We The Students Do Not Consent, a student-led effort coordinated through social media, is a response to the conservative government’s move to scrap the 2015 sex-ed curriculum. It is also a protest against the ministry of education’s decision to cancel curriculum rewrite sessions specifically intended to increase Indigenous content being taught in Ontario classrooms.

Although each school can decide how they want to take action, most students will walk out of class around 1 p.m. The 30,000 estimate comes from organizers.

Indygo Arscott, a 16-year-old Ojibwe student at Wexford Collegiate School for the Arts in Scarborough, Ont., started the movement. Arscott, who uses “they” pronouns, began to coordinate a walkout at their school after hearing about the curriculum changes in July.

Indygo Arscott (left) and Rayne Fisher-Quann co-organized the 'We The Students Do Not Consent' protests. (source: Indygo Arscott)
Indygo Arscott (left) and Rayne Fisher-Quann co-organized the ‘We The Students Do Not Consent’ protests. (source: Indygo Arscott)

“Personally, I’m coming from an LGBT and Indigenous perspective,” they say. “So on July 11th, when the Ford government released the news that they’d be reversing the sex-ed curriculum back to that of 1998, as well as minimizing or deprioritizing efforts to bring Indigenous content into the classroom, it felt really alienating.”

“I had my hopes up for social change, and then Doug Ford steps into the office and shuts it all down.”

Arscott, who has a growing online presence thanks to their Decolonize Schools Twitter account, says the movement became provincial in scope after they shared their idea on social media.

They and co-organizer Rayne Fisher-Quann created a public document so students could learn about the issues at stake, and another for them to share with their school administrators.
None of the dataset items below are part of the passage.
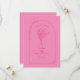 Illustration of bouquet line art botanical arch border. Background is pink. Artwork and text are red.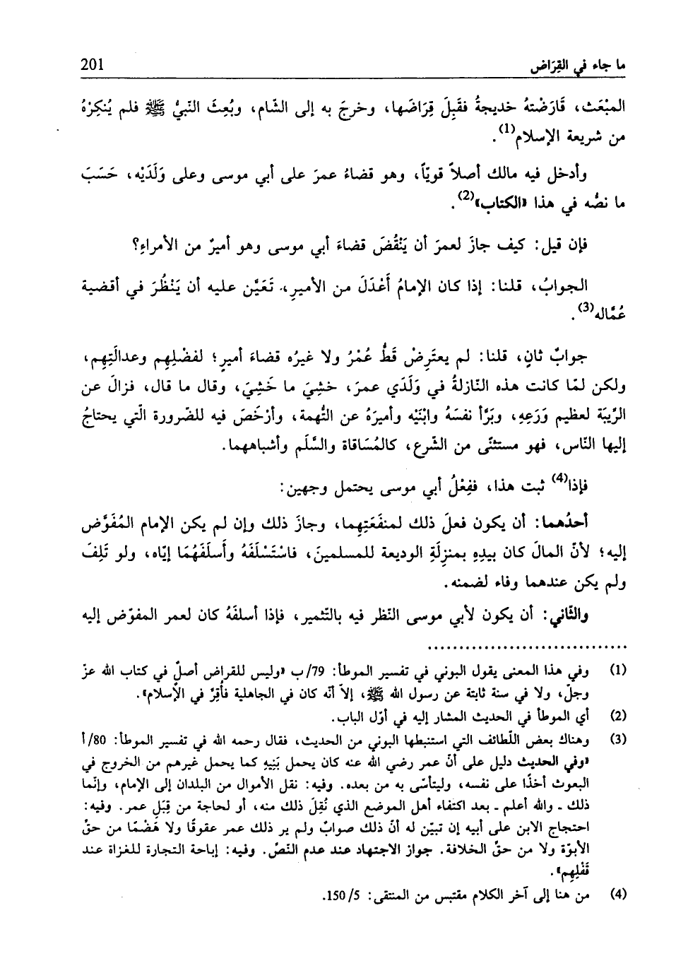 (¬1) وفي هذا المعنى يقول البوني في تفسير الموطَّأ: 79/ ب "وليس للقراض أصلٌ في كتابُ الله عزَّ وجلَّ، ولا في سنة ثابتة عن رسول الله - صلّى الله عليه وسلم -، إِلَّا أنّه كان في الجاهلية فأُقِرَّ في الإسلام".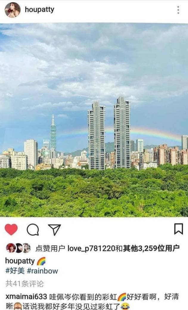 随后这张照片却引起热议,原来被细心网友发现,这张照片和7月份侯佩岑在社交平台上发布过的一模一样,关键是……粉丝说这张彩虹图是侯佩岑在自家豪宅的阳台拍摄的。昆凌被认为盗用图片,特意编辑加滤镜,并配上a little getaway,假装自己在旅游?吃瓜群众们表示这操作,活久见啊。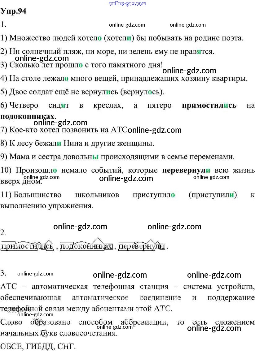 Готовые домашние задания по Русскому языку за 8 класс Учебник Разумовская, Львова Вертикаль 2013 - Упражнения 94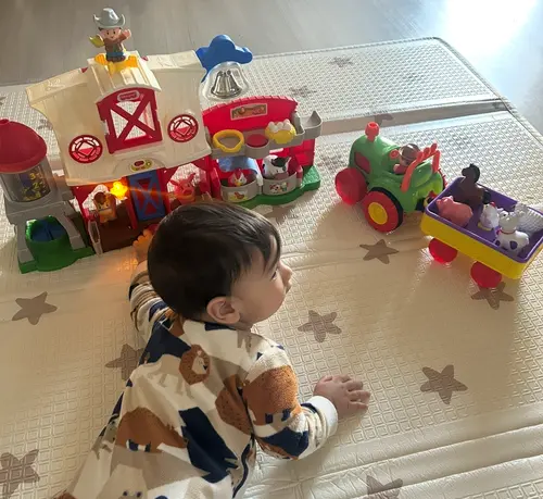 De tractor van de Action (hierdoor ging hij uiteindelijk kruipen) en de verzorgboerderij van Fisher Price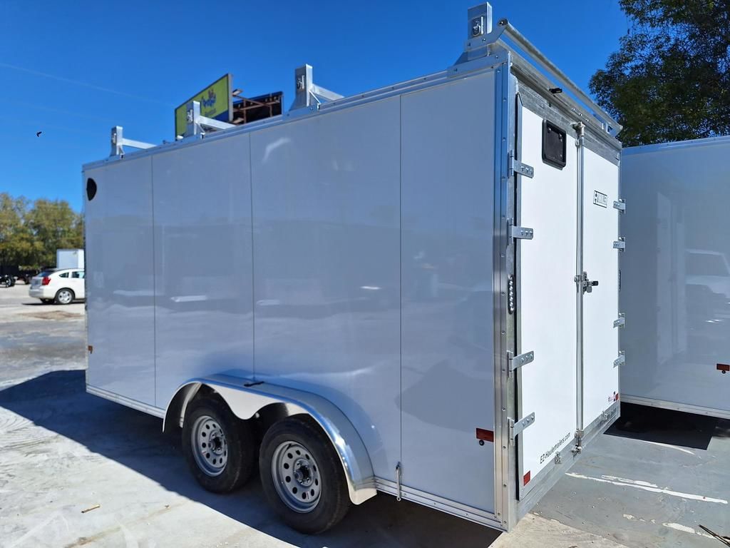 2024 EZ HAULER ULTIMATE CONTRACTORLADDER RACKALL ALUMINUMCAT WALK SYSTEM ON ROOFBUILT IN LADDER IN FRONTREAR ROLLER FOR LAST LADDER RACKREAR DOUBLE DOORSREAR REMOVABLE ALUMINUM RAMPSLED LIGHTSELECTRIC BRAKESWHITE .030 SIDES

Arscott and Fisher-Quann also set up a “walkout ambassador” program for schools across the province to register their protests, and are also currently working on a list of demands to share with the media.

Ontario high school students have been coordinating the protests on social media. (source: Decolonize Canadian Schools/Facebook)
Ontario high school students have been coordinating the protests on social media. (source: Decolonize Canadian Schools/Facebook)

So far, nearly 70 schools say they plan to participate in the event, according to the organizers. At least five schools in Guelph, six in Ottawa, and several across the GTA are set to take part.

“(As) young people, we’re so often told that our voice doesn’t matter, that we don’t have a voice, and we’re not allowed to have opinions on these things,” Arscott says.

“Well it’s time that we show that we do know what we’re talking about.”

Grade 12 student Amina Vance is a walkout ambassador at Western Technical Commercial School in Toronto.

She says students at her school have been putting up posters around the neighbourhood, handing out flyers at a nearby subway station and talking to students about the issues.

“We’ve been asking people ‘Do you know what Doug Ford has been doing?’ or ‘Did you know about Doug Ford?’ and people, once they hear the issues, are overwhelmingly quite responsive to them,” Vance says.

“People generally understand why it’s important to have good sex-ed and people generally respect Indigenous education. And so once, you get your foot in the door, I found that it’s pretty doable and people are quite responsive. We have a lot of people who are excited about it, and are going to come out on Friday.”

Vance also says she believes that “going back to 1998 is frankly unsafe for people growing up.”

In an emailed statement, the Toronto District School Board said they were aware of the walkout.

“While this is not a TDSB-sanctioned event, the TDSB does encourage students to express themselves in constructive, respectful and responsible ways,” the statement says.

“At the same time, we want them to do safely and as a result, staff will be monitoring the protests on school property to ensure student safety.”

Mugoli Samba is a writer in Toronto.